Dynamiques territoriales

Littoral breton

La Bretagne est la région la moins inégalitaire de France avec les Pays de la Loire

Les revenus les plus élevés sont concentrés en périphérie des grandes villes bretonnes tandis que les inégalités sont plus marquées dans les villes-centres du fait de la mixité sociale.

La Bretagne est la seule région française où le poids démographique des métropoles (Rennes et Brest) n’est pas majoritaire dans l’armature urbaine, qui s’articule autour des deux métropoles et d’un réseau dense de villes moyennes, situées sur littoral (Lorient, Saint-Brieuc, Quimper, Vannes, Saint-Malo, Lannion, par ordre décroissant de population).

→ 28,5% de la population réside dans un espace à dominante rurale (10 points de plus que la moyenne nationale).

→ 10 agglomérations de plus de 50 000 habitants.

Au centre de la région, un vaste espace à dominante rurale occupe le territoire, sans villes importantes.
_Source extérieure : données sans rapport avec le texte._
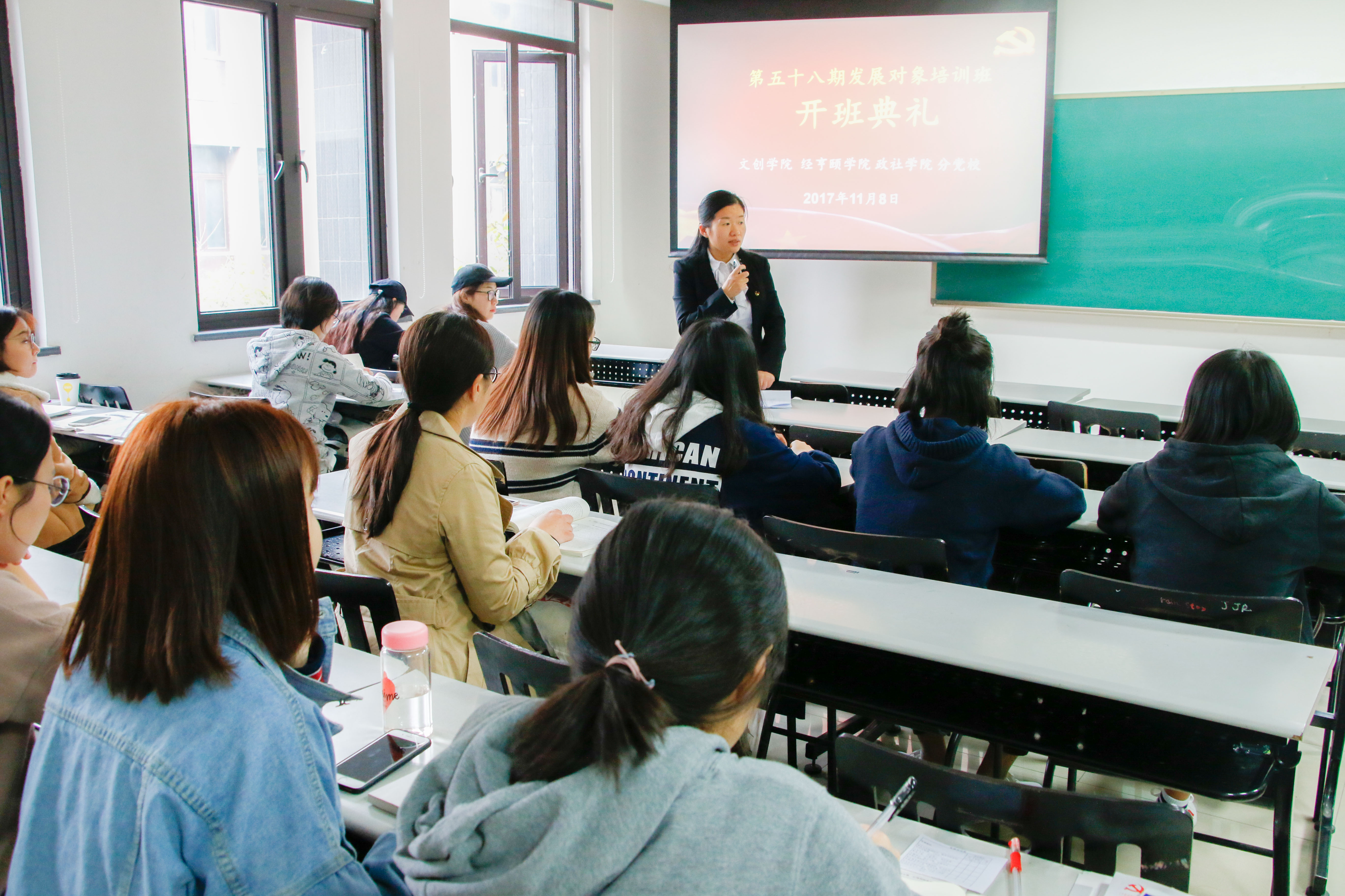 2017年11月8日14:50,我校文化创意学院、经亨颐学院、政治与社会学院分党校第58期发展对象培训班举行了开班典礼。文化创意学院学工办主任周凤琴老师首先介绍了近年来学院学生积极入党情况及学院学生发展学生党员规模概况,与同学们简要介绍了本次发展对象培训班的课程设置及课程开展形式;其次,向同学们介绍了本次发展对象培训班各学院学生负责人,以便更好交流开展培训工作。

Bien que toujours marqué par la ruralité, l’espace intérieur breton (Argoat) n’est cependant pas désertifié, tant grâce à l’économie agricole et agroalimentaire qu’à la proximité géographique et à l’influence des villes du littoral, permettant de bénéficier des services urbains de commerce, de loisirs ou de santé.

Les dynamiques démographiques actuelles renforcent les contrastes entre les bassins de vie. Les territoires du littoral sud et ceux en proximité de la métropole rennaise ont connu depuis vingt les taux d’accroissement les plus importants de population, alors que les baisses de population s’observaient dans l’intérieur de la région. La période la plus récente souligne un net regain d’attractivité des espaces ruraux et des petites aires urbaines et une décélération du rythme de croissance de l’aire urbaine brestoise.

L’analyse des mouvements d’entreprises dessine un axe privilégié d’échanges économiques entre Saint-Malo, Rennes et Nantes. La métropolisation de l’ouest breton se traduit quant à elle par le renforcement de coopérations entre Brest, Lorient, Quimper, Morlaix et Lannion.